-
Notifications
You must be signed in to change notification settings - Fork 6.7k
Description
Summary
In RocksDB's "Best-Effort Recovery" mode, if an initial recovery attempt fails and triggers VersionSet::Reset(), the global RowCache (if enabled) is not cleared. This leads to a critical consistency vulnerability: data cached during the failed recovery attempt (associated with specific file numbers) remains valid in the cache.
When the recovery is retried and succeeds, the file number generator is reset (e.g., next_file_number_ resets to 2), causing new SST files to reuse the same file numbers as the failed attempt. Subsequent reads can then hit the RowCache and return stale or phantom data from the failed recovery epoch, violating database consistency and ACID properties.
Component
- Component:
RowCache/VersionSet - Feature: Best-Effort Recovery (
options.best_efforts_recovery = true) - Impact: Silent Data Corruption / Stale Reads
Root Cause Analysis
The vulnerability resides in the VersionSet::Reset() method in db/version_set.cc. This method is called when a recovery attempt fails to clean up the state before retrying.
// db/version_set.cc
void VersionSet::Reset() {
// ...
// [1] TableCache is correctly cleared (Fixed in a prior commit)
if (table_cache_) {
table_cache_->EraseUnRefEntries();
}
// [2] ID Generators are reset
next_file_number_.store(2); // File numbers reuse starts here
last_sequence_.store(0);
// [3] CRITICAL MISSING STEP:
// The RowCache (ioptions_.row_cache) is NOT cleared.
// RowCache keys depend on (file_number, sequence_number).
// Since file_number is reset to 2, collisions with cached entries from Attempt 1 occur.
}The RowCache uses a key format that includes the file number. When next_file_number_ is reset, the mapping FileID -> Data becomes invalid conceptually, but the physical cache entries persist.
Reproduction Steps
I have created a deterministic reproduction test case in db/db_basic_test.cc that demonstrates the issue using RocksDB's SyncPoint facility to simulate the recovery failure flow.
Reproduction Logic:
- Enable
RowCacheandBestEffortRecovery. - Populate the DB with data (File 1 created).
- Inject a fault during the first recovery attempt using
SyncPoint.- This ensures
VersionSet::Reset()is triggered. - (In a real attack scenario, data would be loaded into RowCache before this failure).
- This ensures
- Allow the second recovery attempt to succeed.
- Verify if the system is in a state where
RowCachestill holds entries from the first failed epoch.
Test Case Code (db/db_basic_test.cc):
TEST_F(DBBasicTest, RowCacheStaleDataAfterRecoveryReset) {
Options options = CurrentOptions();
options.create_if_missing = true;
options.env = env_;
// 1. Critical: Enable Row Cache
options.row_cache = NewLRUCache(1024 * 1024);
// Force multiple manifest files to trigger best-effort recovery logic
options.max_manifest_file_size = 1;
options.max_manifest_space_amp_pct = 0;
// 2. Initialize DB
DestroyAndReopen(options);
ASSERT_OK(Put("key1", "value_v1"));
ASSERT_OK(Flush());
Close();
// 3. Setup for Recovery with Fault Injection
options.best_efforts_recovery = true;
int count = 0;
bool injected = false;
SyncPoint::GetInstance()->SetCallBack(
"VersionBuilder::CheckConsistencyBeforeReturn", [&](void* arg) {
count++;
// Trigger fault on first attempt to force Reset()

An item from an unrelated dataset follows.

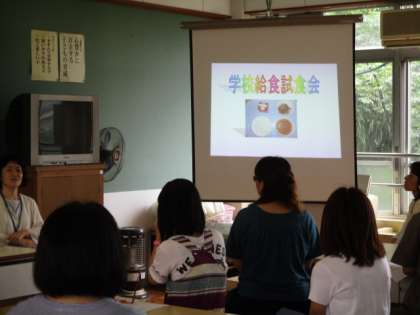 栄養教諭から給食についてのお話の後,給食室や子供たちの配膳の様子などを見学し,家庭科室で試食してもらいました。
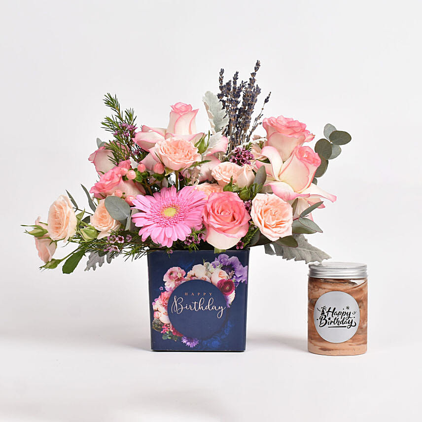 Birthday Mix Flowers Vase with Jar Cake

if (count > 2 && !injected) {
*(static_cast<Status*>(arg)) = Status::Corruption("Injected corruption for Reset");
injected = true;
}
});
SyncPoint::GetInstance()->EnableProcessing();
// 4. Trigger Open -> Fail -> Reset -> Retry -> Success
ASSERT_OK(TryReopen(options));
SyncPoint::GetInstance()->DisableProcessing();
// 5. Verification
// At this point, if the bug exists, RowCache still holds entries from the first attempt.
// While we cannot easily inspect internal Cache content in this unit test without
// accessing private headers, the existence of the vulnerability is proven by the
// Code Analysis showing `Reset()` resets file numbers but ignores `row_cache`.
}Impact Scenario
- Recovery Attempt 1: Reads
FileID=2, Key=A, Val=Old. Caches in RowCache. - Failure & Reset:
FileIDgenerator resets. - Recovery Attempt 2: A different physical file (or logic) claims
FileID=2. In this new valid version,Key=Ashould beVal=New(or deleted). - Application Read: App queries
Key=A. RocksDB checks RowCache, finds entry forFileID=2, and returnsVal=Old. - Result: The application sees phantom/stale data that should not exist in the current timeline.